Calculus III

Year
2

Academic year
2019-2020

Code
01001906

Subject Area
Basic Sciences

Language of Instruction
Portuguese

Mode of Delivery
Face-to-face

Duration
SEMESTRIAL

ECTS Credits
6.0

Type
Compulsory

Level
1st Cycle Studies

Recommended Prerequisites

Calculus I, Calculus II, Linear Algebra and Analytic Geometry.

Teaching Methods

Theoretical classes are expository, in practical classes the students solve exercises under the instructor’s guidance. The students are encouraged to solve problems autonomously. A strong interaction between concepts and their practical application will prevail, giving a central role to visualization and analysis of particular situations before making a progressive approach to more abstract notions. The transformation of concepts into working tools will be achieved by encouraging personal work. The formal lectures will be complemented by periods of individual attendance.

Learning Outcomes

Provide knowledge about ordinary differential equations, systems of linear differential equations, and partial differential equations, as well as the fundamental concepts and ways to compute Laplace transforms. Throughout the course, students must develop computational skills and acquire competence in applying theoretical knowledge to solve problems.
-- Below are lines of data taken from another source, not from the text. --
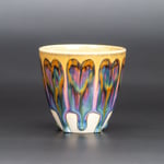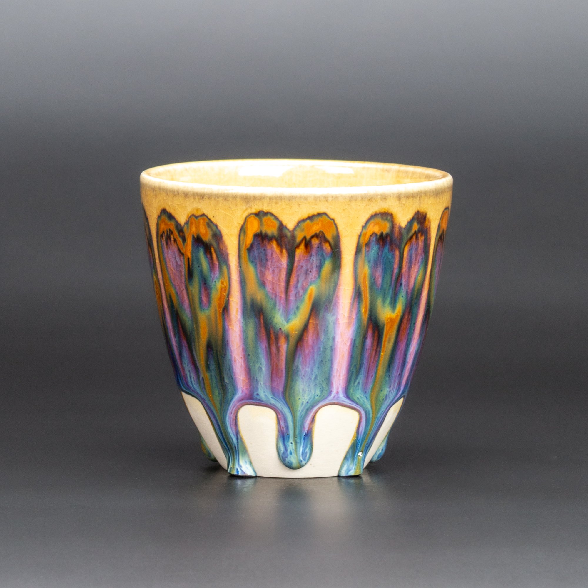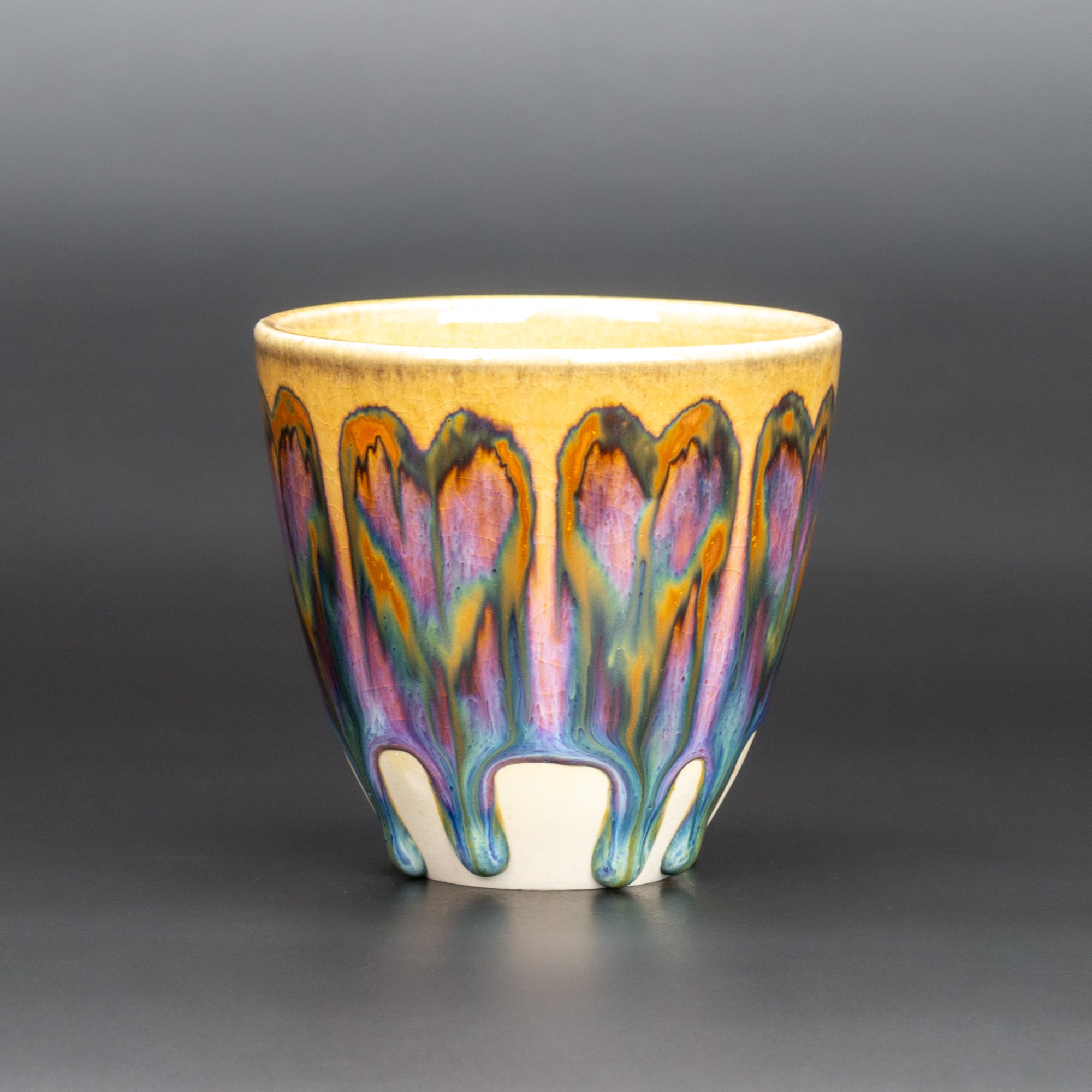Wheel thrown fine white stoneware, layered and hand painted glazes, reduction fired to 1310 degrees C.
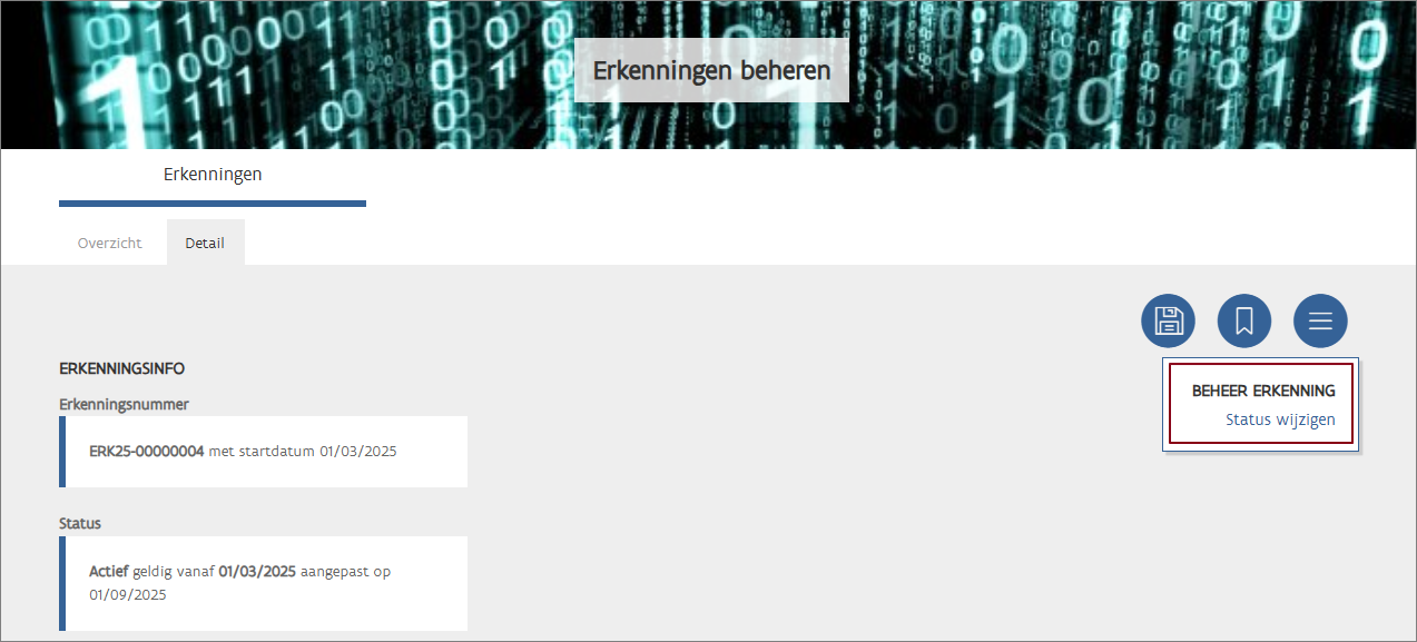 Klik op de actie Status wijzigen via op Erkenningen > Detail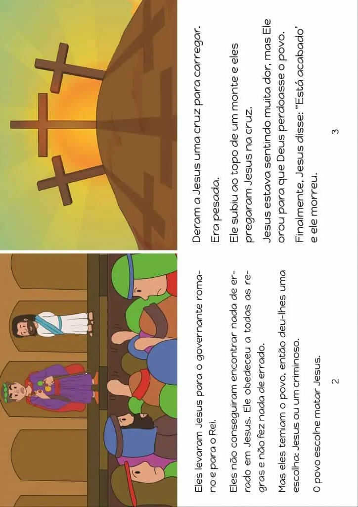 A Cruz – Explique que a cruz foi um castigo por fazer algo muito ruim. Peça ao seu filho para lhe dar punições sugeridas para coisas diferentes. Por exemplo, bater no seu irmão, dizer uma mentira, roubar algo e assim por diante. Pergunte a eles que punição você deve dar a alguém que não fez nada de errado? Lembre-os de que Jesus viveu uma vida perfeita, mas recebeu a pior punição e foi sentenciado à morte.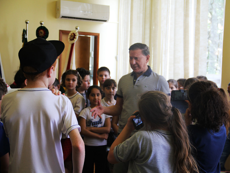 Durante a visita, Casali interagiu com os estudantes e contou a história do município, ressaltando que antigamente pertencia a Santa Rosa, e enfatizou que hoje Três de Maio é a Cidade Industrial do Leite. “Vocês são o nosso futuro, por isso, fico muito feliz que tenham interesse em conhecer a história dos municípios da região”, destaca.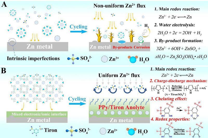 課題組提出了一種電荷轉(zhuǎn)移型人工固體電解質(zhì)保護(hù)層的制備方法,利用陽極電解液添加劑(Anolyte)的氧化還原作用提升保護(hù)界面的電化學(xué)性能。電荷轉(zhuǎn)移型固體界面由帶正電的聚吡咯和帶負(fù)電的1,2-二羥基苯 -3,5-二磺酸鈉(Tiron)所構(gòu)成,通過優(yōu)化混合導(dǎo)電界面層的結(jié)構(gòu)形貌特性用于修飾鋅負(fù)極。研究對(duì)比了化學(xué)聚合和電化學(xué)聚合法制備保護(hù)界面,分析了有/無摻雜劑和摻雜劑濃度對(duì)合成材料形貌、粒徑大小及分布的影響。結(jié)果表明,酚羥基官能團(tuán)提高了聚吡咯與基底之間的螯合作用,同時(shí)促進(jìn)了電解液的氧化還原反應(yīng)。 此外,引入磺酸根能夠重塑硫酸鋅中[Zn(H2O)6]2+的溶劑化殼結(jié)構(gòu),減弱水分子的電化學(xué)活性。在“充電-放電” 過程中,電荷轉(zhuǎn)移型固體界面通過聚吡咯的摻雜/去摻雜行為促進(jìn) 了Tiron 在電極表面的吸附/解吸,外加電場(chǎng)導(dǎo)致了“Zn2+-Tiron”絡(luò)合物的氧化,生成的中間產(chǎn)物釋放出金屬離子,利用苯酚到苯醌的相互轉(zhuǎn)化,增強(qiáng)了“電極-電解液”之間的電荷轉(zhuǎn)移。

Students must also acquire an understanding of the concepts that will enable them to evaluate the scope and limitations of the studied materials, as well as their applications in engineering and other sciences.

Work Placement(s)

Syllabus

First order differential equations (separable variables and linear) and applications

Linear differential equations of order higher than one

- Solving homogeneous linear equations

- Method of the annihilator polynomial

- Reduction of order

- Method of variation of parameters

Systems of linear differential equations with constant coefficients

Laplace transforms and applications in solving differential equations

Partial differential equations

- Heat equation

- Wave equation

- Laplace equation.

Head Lecturer(s)

Paulo dos Santos Antunes

Assessment Methods

Continuous assessment
Mini Tests: 20.0%
Frequency: 80.0%

Final assessment
Exam: 100.0%

Bibliography

Zill, D.G.. A first course in differential equations with applications. Brooks/Cole, 2005.

Marcus, D.. Differential equations. McGraw-Hill College, 1991.

Figueiredo, D.; Neves, A.. Equações Diferenciais Aplicadas. Coleção Matemática Universitária, IMPA, R. Janeiro, 2010.